Results 1 to 10 of 10
  1. #1
    Join Date
    Apr 2009
    Posts
    3

    Unanswered: UDF to limit users view of data

    Hi All

    I'm very new to DB2, I normally work with MySQL but my project needs to use data in a DB2 database.

    The table on the DB2 database holds lots of customer data, including some sensitive information I don't want to put at risk. As I'm using PHP/ODBC to connect to DB2 I'll be storing the password in plain text. I need to find a way of limiting the DB2 userid so that it can't perform a full SELECT on the customer table (therefore revealing all the customer data).

    I was led to believe that a User Defined function would allow me to run a select query on a table, and only return a single column in the result - hiding the select completely and allowing my DB2 user to have no SELECT privileges on the table - just the UDF.

    This is probably the only time I'm likely to use DB2, and I'm in quite a hurry now (it took a long time to get our security guys to agree to my server having DB2 connectivity - it's that sensitive!). I'm struggling to find any tutorials, examples or recipes showing the equivalent of what I'm trying to do - perform a select statement on a table with given variables within a UDF and return the result as a table.

    The select is basically:

    SELECT CUST_ID FROM CUST_INFO WHERE SENSITIVE_FIELD LIKE 'partOfSensitiveFieldIKnow%' AND CUST_TYPE = custType

    I'd need to create the UDF so I could use it like:

    SELECT CUST_ID FROM myUdf(partofSensitiveFieldIKnow, custType);

    Is this even possible? Any suggestions / examples about how to implement this would be appreciated.

  2. #2
    Join Date
    Jan 2003
    Posts
    4,292
    Provided Answers: 5
    Yes, you can do this. You create the UDF to return a table, like this:

    CREATE FUNCTION MySchema.UDF_Security(Security_level int)
    RETURNS table (col1 int, col2 int, ...)
    SPECIFIC MySchema.UDF_Security
    LANGUAGE SQL NOT DETERMINISTIC NO EXTERNAL ACTION READS SQL DATA CALLED ON NULL INPUT
    RETURN
    <full-select>


    Then you select statement would look like this:

    select * from table (MySchema.UDF_Security(0)) as x where ...

    Andy
    Last edited by ARWinner; 05-01-09 at 11:23.

  3. #3
    Join Date
    Sep 2004
    Location
    Belgium
    Posts
    1,126
    I'd rather create a view (defined by the query you state) and give SELECT authority on that view to the selected user(s), but not on the underlying table(s).
    --_Peter Vanroose,
    __IBM Certified Database Administrator, DB2 9 for z/OS
    __IBM Certified Application Developer
    __ABIS Training and Consulting
    __http://www.abis.be/

  4. #4
    Join Date
    Jan 2003
    Posts
    4,292
    Provided Answers: 5
    Peter's suggestion has merit if there are only a few different "security" levels, because you need a different view for each level. If there are lots of different security levels, then having a separate view for each of those levels can be a maintenance issue, not to mention the issues on the programming side.

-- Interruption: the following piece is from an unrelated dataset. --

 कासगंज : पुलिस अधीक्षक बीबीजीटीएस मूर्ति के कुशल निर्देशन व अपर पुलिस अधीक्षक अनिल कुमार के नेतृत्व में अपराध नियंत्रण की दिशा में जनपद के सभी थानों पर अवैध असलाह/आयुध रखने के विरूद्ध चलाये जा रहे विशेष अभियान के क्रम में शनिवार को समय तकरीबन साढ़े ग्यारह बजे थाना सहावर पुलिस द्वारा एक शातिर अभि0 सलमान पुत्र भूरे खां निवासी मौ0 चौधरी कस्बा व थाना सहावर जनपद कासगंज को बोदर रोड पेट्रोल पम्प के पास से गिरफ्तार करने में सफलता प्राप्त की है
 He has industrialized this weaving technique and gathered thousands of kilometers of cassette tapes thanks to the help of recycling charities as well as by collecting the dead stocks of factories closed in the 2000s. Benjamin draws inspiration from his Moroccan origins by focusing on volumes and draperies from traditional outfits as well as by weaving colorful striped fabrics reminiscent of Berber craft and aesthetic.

    I took the OP's request as there will be lots of security levels and that their idea of using a UDF was a valid one.

    Andy

  5. #5
    Join Date
    Sep 2004
    Location
    Belgium
    Posts
    1,126
    Quote Originally Posted by ARWinner
    Peter's suggestion has merit if there are only a few different "security" levels, because you need a different view for each level.
    Agreed... with two additional remarks:

    - A view may be user-dependent: by using the USER special register in the WHERE condition, one could e.g. limit the rows visible to a particular user by the presence of his UserID in a certain security column.
    (E.g., have an additional table T with 2 columns: UserID and security level; join your base table with this additional table with an "<=" in the join condition for the two security level columns. Then filter rows with the condition "T.UserId = USER".)

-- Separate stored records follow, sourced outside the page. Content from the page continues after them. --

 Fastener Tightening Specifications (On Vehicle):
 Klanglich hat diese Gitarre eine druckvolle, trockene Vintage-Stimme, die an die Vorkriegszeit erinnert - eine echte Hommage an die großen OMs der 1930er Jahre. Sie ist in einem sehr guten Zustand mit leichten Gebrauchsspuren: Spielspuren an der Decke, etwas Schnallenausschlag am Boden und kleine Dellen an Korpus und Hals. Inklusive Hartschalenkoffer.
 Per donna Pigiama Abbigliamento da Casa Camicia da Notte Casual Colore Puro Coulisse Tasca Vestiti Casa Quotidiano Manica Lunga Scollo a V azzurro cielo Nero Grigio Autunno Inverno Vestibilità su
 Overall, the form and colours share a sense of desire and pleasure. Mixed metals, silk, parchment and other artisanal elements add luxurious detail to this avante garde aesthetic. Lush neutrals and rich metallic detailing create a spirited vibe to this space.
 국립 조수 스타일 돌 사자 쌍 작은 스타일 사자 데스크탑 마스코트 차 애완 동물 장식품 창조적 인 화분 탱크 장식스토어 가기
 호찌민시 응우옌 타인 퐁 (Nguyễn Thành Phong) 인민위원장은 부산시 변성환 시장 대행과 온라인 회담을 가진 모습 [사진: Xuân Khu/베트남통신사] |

    - Also have a look at the "multi-level security" possibilities of DB2 for zOS (new since version 8). (Search for the "AS SECURITY LABEL" keyword of CREATE TABLE.)
    If I'm not mistaken, DB2 for LUW has a similar functionality through the datatype "DB2SECURITYLABEL". (Search for "security policy" in the SQL manuals.)
    --_Peter Vanroose,
    __IBM Certified Database Administrator, DB2 9 for z/OS
    __IBM Certified Application Developer
    __ABIS Training and Consulting
    __http://www.abis.be/

  6. #6
    Join Date
    Apr 2009
    Posts
    3
    Wow that's some good stuff. Thanks folks.

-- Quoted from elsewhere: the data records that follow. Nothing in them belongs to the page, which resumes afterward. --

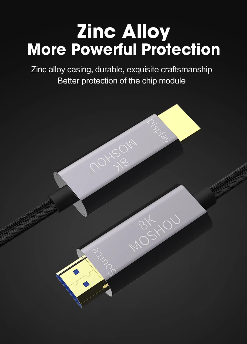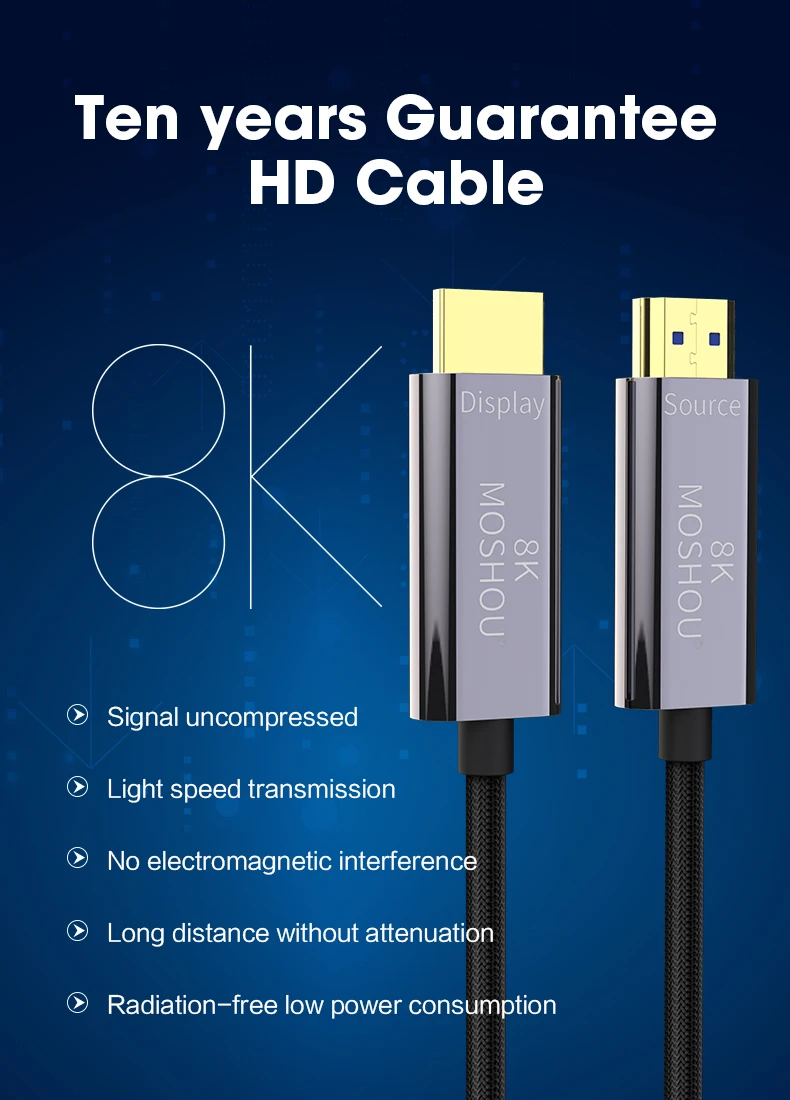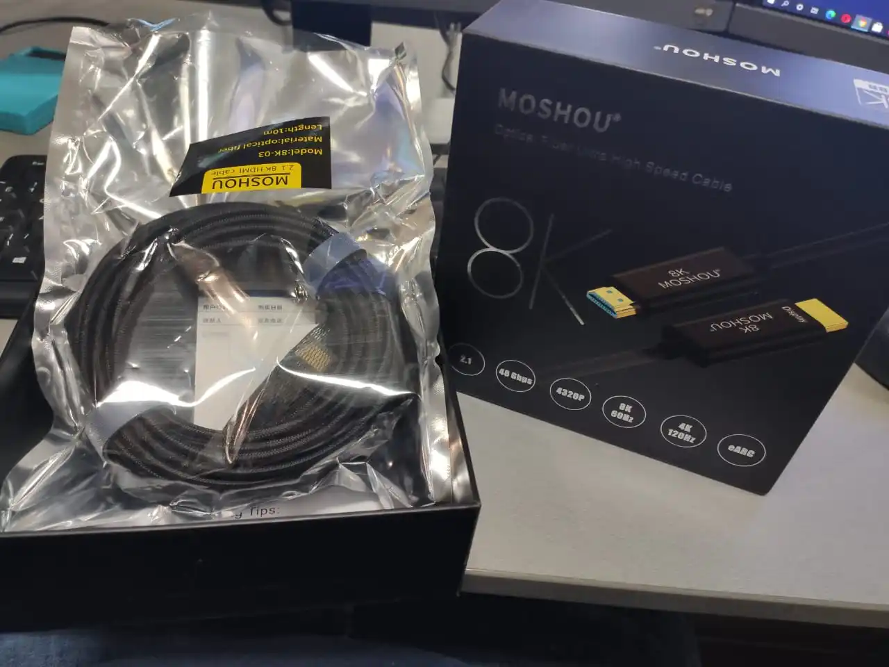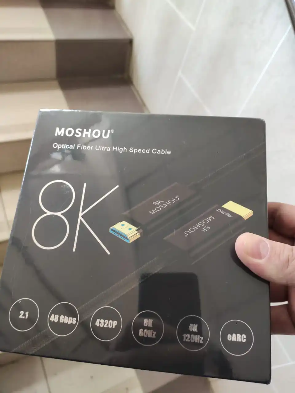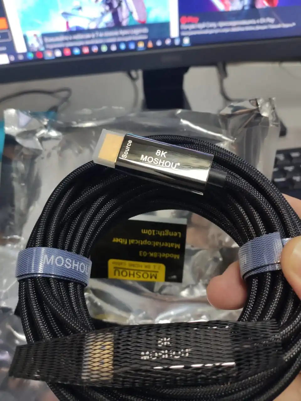 Высококачественный волоконно-оптический кабель Moshou 8K HDMI 2,1 очень хорошего качества. Легкий, достаточно гибкий, отлично работает. Вилки в сплошном сборе. Кабель был хорошо упакован. Изделие соответствует описанию. Точная обработка заказа и быстрая доставка. Я регулярно получаю кабели Moshou. Я уверенно рекомендую этого продавца и его продукцию.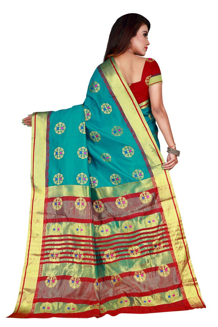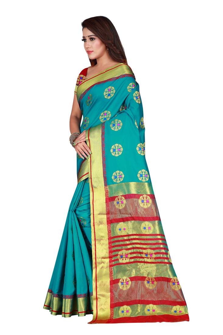 | Product Name | Turquoise Woven Cotton Silk Saree With Blouse | |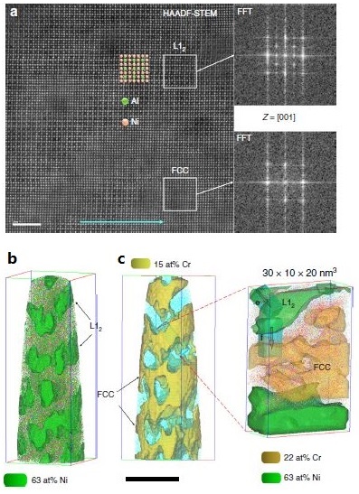 Fig 2. (a) High-resolution STEM image revealing the nanostructure in the grains consisting of disordered FCC matrix and ordered L12 phases with diffuse coherent interfaces. (b-c) APT data showing 3D morphologies of the ordered L12 nanoprecipitates and disordered FCC matrix.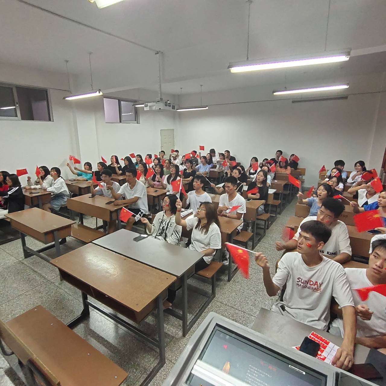 随着音乐的缓缓奏起,全体同学纵情高唱《我和我的祖国》。满腔爱国热情和自豪感随着胸腔的共鸣无限延伸,同学们用歌声表达着对祖国母亲最深沉的爱意。

    I think there may have been a misunderstanding (who would think it, a misunderstanding on a web forum?)

    The problem is that I want to prevent the DB2 user that my webserver is using from seeing certain fields in the customer table.

    The customer table stores the customer account number. This is highly sensitive banking information. More than one customer can be tied to this account number, so we also use an indicator to show if the person concerned is the 1st signatory, 2nd, and so on. I need to differentiate between individuals on an account, as well as confirming that the account details entered by the web-app user are correct, without being able to use a SELECT to gain the customer account number. The flow of account number information needs to be one-way.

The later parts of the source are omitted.